Aberrant beta-catenin signaling plays a key role in several cancer types, notably colon, liver and breast cancer. However approaches to modulate beta-catenin activity for therapeutic purposes have proven elusive to date.


To uncover genetic dependencies in breast cancer cells that harbor active beta-catenin signaling, we performed RNAi-based loss-of-function screens in breast cancer cell lines in which we had characterized beta-catenin activity. Here we identify CSNK1E, the gene encoding casein kinase 1 epsilon (CK1epsilon) as required specifically for the proliferation of breast cancer cells with activated beta-catenin and confirm its role as a positive regulator of beta-catenin-driven transcription. Furthermore, we demonstrate that breast cancer cells that harbor activated beta-catenin activity exhibit enhanced sensitivity to pharmacological blockade of Wnt/beta-catenin signaling. We also find that expression of CK1epsilon is able to promote oncogenic transformation of human cells in a beta-catenin-dependent manner.
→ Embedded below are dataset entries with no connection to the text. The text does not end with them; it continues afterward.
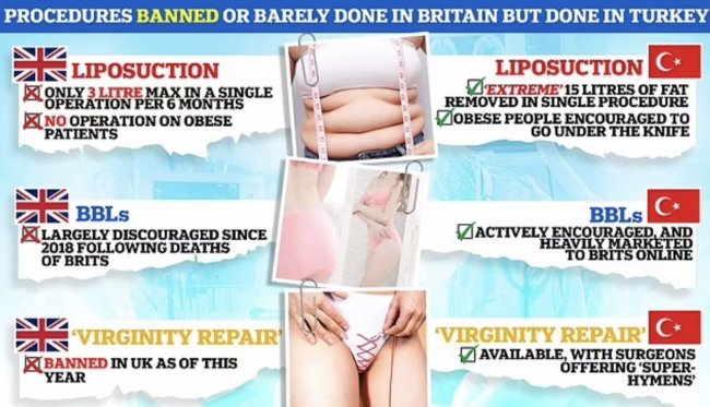Türkiye'de meme büyütme ameliyatının en fazla 3 bin sterline (66 bin TL), yani İngiltere'dekinin neredeyse yarı fiyatına mal olduğu ifade edildi.
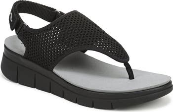 This thong sandal made with breathable knit straps is built for a woman's quadricep muscle with a narrower heel, roomier toe and contoured cushioning. UltraFlex grooves on the outsole help keep you surefooted.
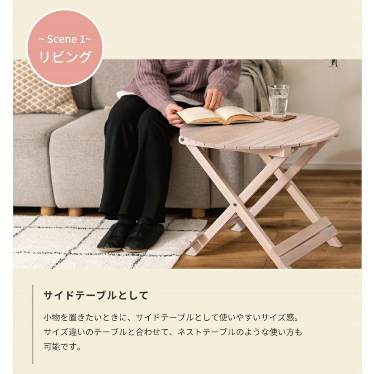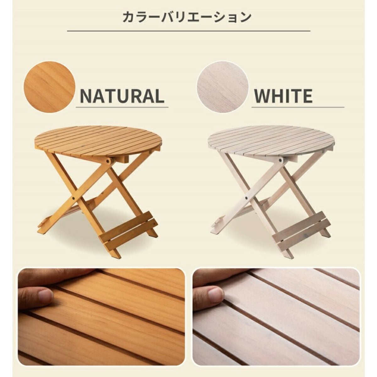 折りたたみフォールディングテーブルL φ60cm ナチュラル/ホワイト 折畳式 簡易テーブル 軽量 持ち運び 良収納

These studies identify CK1epsilon as a critical contributor to activated beta-catenin signaling in cancer and suggest it may provide a potential therapeutic target for cancers that harbor active beta-catenin. More generally, these observations delineate an approach that can be used to identify druggable synthetic lethal interactions with signaling pathways that are frequently activated in cancer but are difficult to target with the currently available small molecule inhibitors.